Background: Nikola went public earlier this year through a reverse merger with a blank-check company and has recorded no meaningful revenue, yet reached a market valuation higher than Ford and provided an 11% stake to GM worth $2 billion.
What’s happening: Short sellers are effectively locked out of Nikola’s shares going forward, says Ihor Dusaniwsky, managing director of Predictive Analytics at S3 Partners, which tracks short sales, or bearish bets that a stock’s price will fall.
What he’s saying: “Short selling can not be a driver of price movement in the near future due to a severe lack of stock loan availability,” Dusaniwsky said in a note to clients.
- “Because non-insider NKLA holders are predominantly retail based who are not active lenders of stock nor in margin accounts and there are not many institutional or hedge fund holders who actively lend stock, or whose stock is [rehypothecated] and lent out, the overall lendable supply of NKLA stock is very small.”
- Just 1.3 million of the 106 million shares traded on Monday had short exposure, and it’s likely the ratio will stay that way for some time.
What it means: The lack of short sellers and the high percentage of shares owned by retail traders could push Nikola’s price higher, even in the face of an SEC investigation, as the retail market has shown little worry about fundamentals.
- This was best evidenced by car rental giant Hertz, which saw its stock rise 95% in three weeks after declaring bankruptcy in late May. (Though it has since fallen by 52% from its May 22 level and is down 92% year to date.)

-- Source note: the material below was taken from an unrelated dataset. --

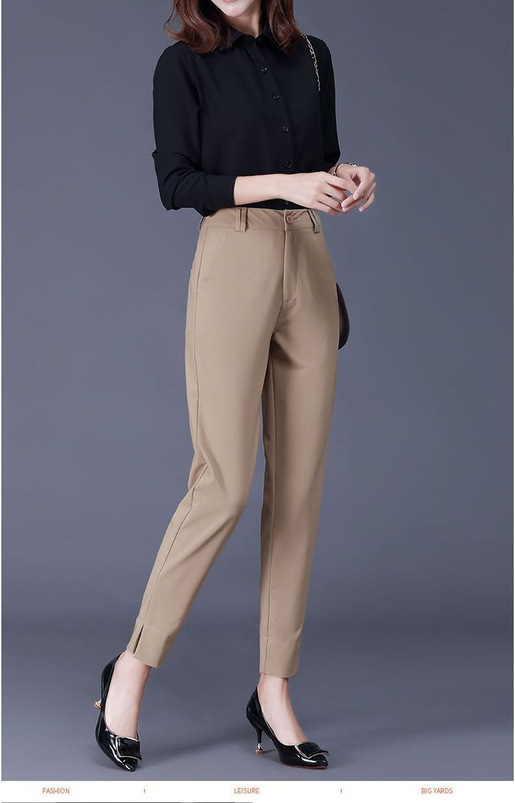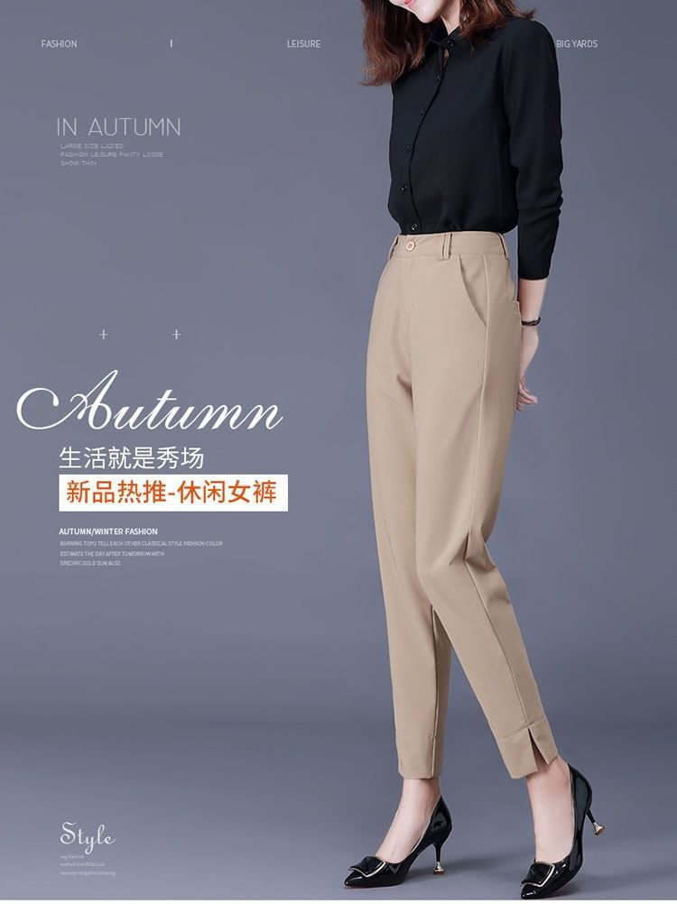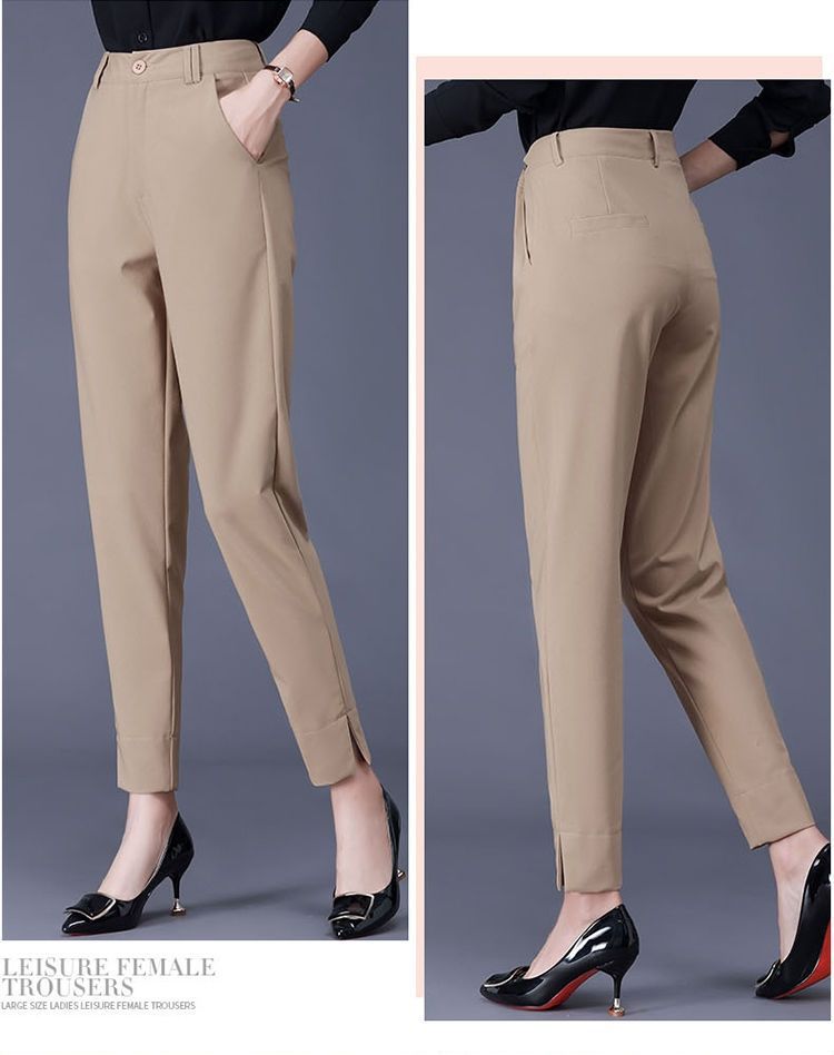여성용 바지 봄 여름 가을 새로운 하이 엔드 살구색 자른 바지 슬림 핏 슬림 캐주얼 사이드 슬림 바지스토어 가기
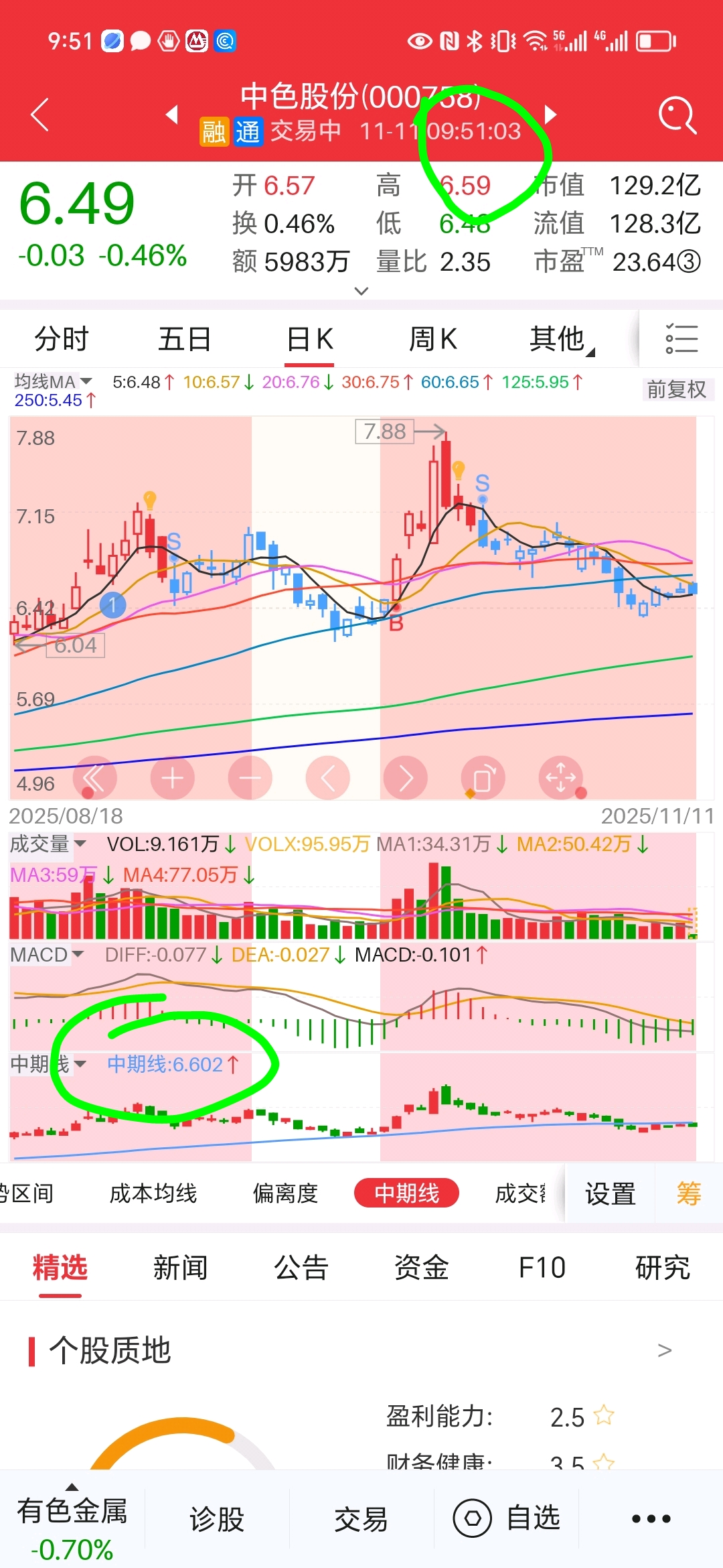 $中色股份(SZ000758)$ 中期线压力位是中色来说还是很吃力。昨天是6.59,中色摸了下6.58,今天是6.60,中色摸了下6.59。小心翼翼,碰到就掉下去,像被电一样。

Watch this space: Those betting against Nikola “are walking a tightrope,” Dusaniwsky says, as fees to borrow the stock for shorting have risen to 25%, or nearly 100 times the average fee for other auto companies popular among short sellers.
- And fees could rise back to the 600% level seen as recently as July, he warns.
Editor’s note: Article clarifies that Nikola provided GM with an 11% stake worth $2 billion, rather than selling it to the company. The deal is part of a partnership between the two companies.